Consider this portion of his remarks:
“The background was that President Putin declared in the autumn of 2021, and actually sent a draft treaty that they wanted NATO to sign, to promise no more NATO enlargement. That was what he sent us. And was a pre-condition for not invade Ukraine. Of course we didn’t sign that.
“The opposite happened. He wanted us to sign that promise, never to enlarge NATO. He wanted us to remove our military infrastructure in all Allies that have joined NATO since 1997, meaning half of NATO, all the Central and Eastern Europe, we should remove NATO from that part of our Alliance, introducing some kind of B, or second class membership. We rejected that.
“So he went to war to prevent NATO, more NATO, close to his borders.” [emphasis added]
Caitlin Johnstone points out that Stoltenberg’s comments were in the context of bragging that while Putin invaded Ukraine to stop NATO expansion, the actual result was the application by Sweden and Finland to join the alliance!
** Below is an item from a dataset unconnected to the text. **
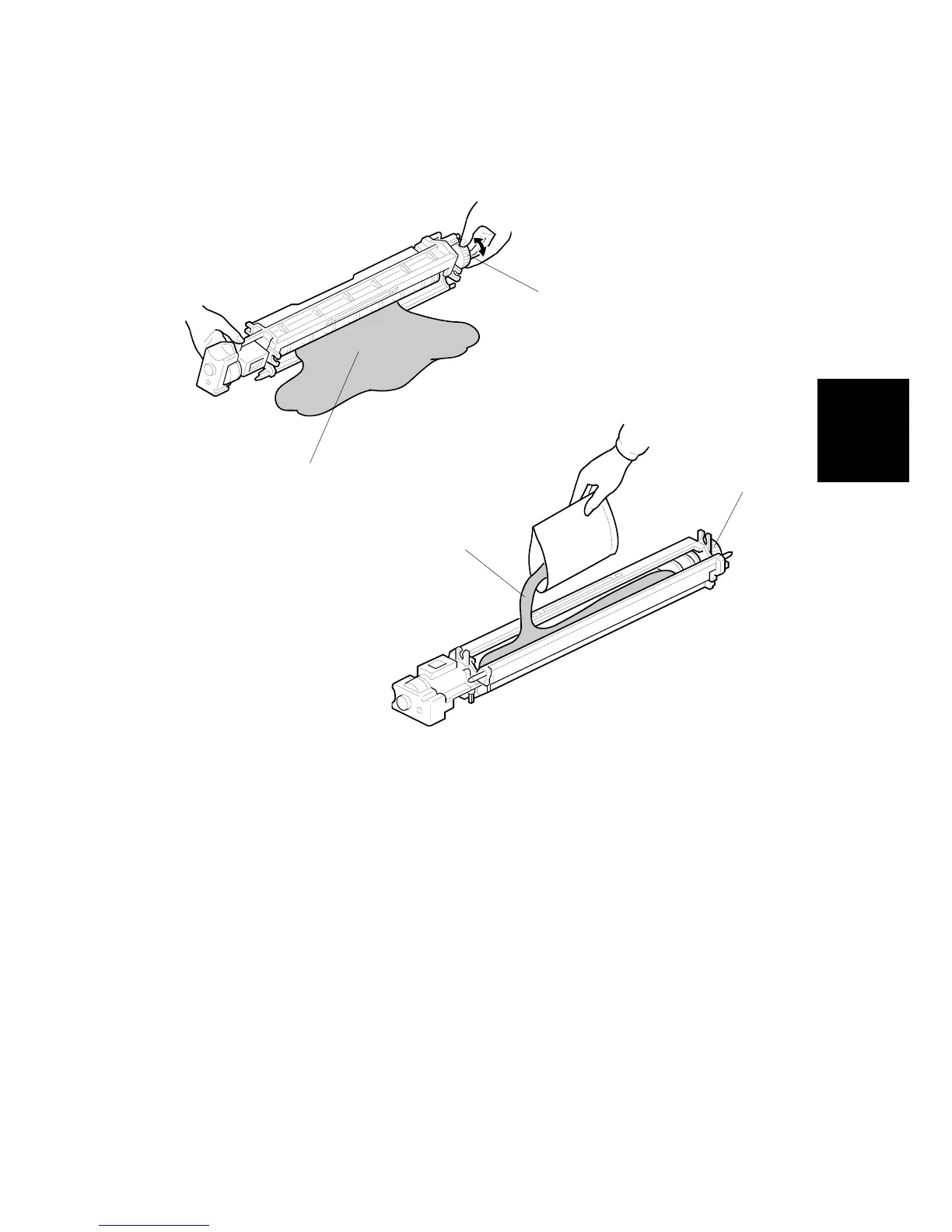 4. Turn drive gear [B] to ensure that no developer remains in the unit or on the

This “demonstrates that when President Putin invaded a European country to prevent more NATO, he’s getting the exact opposite,” in the words of the NATO chief.
Stoltenberg has thus said publicly a truth widely known, but whose expression would invariably bring claims of it being “Russian disinformation": that Russia invaded Ukraine to stop the provocation inherent in NATO expansion.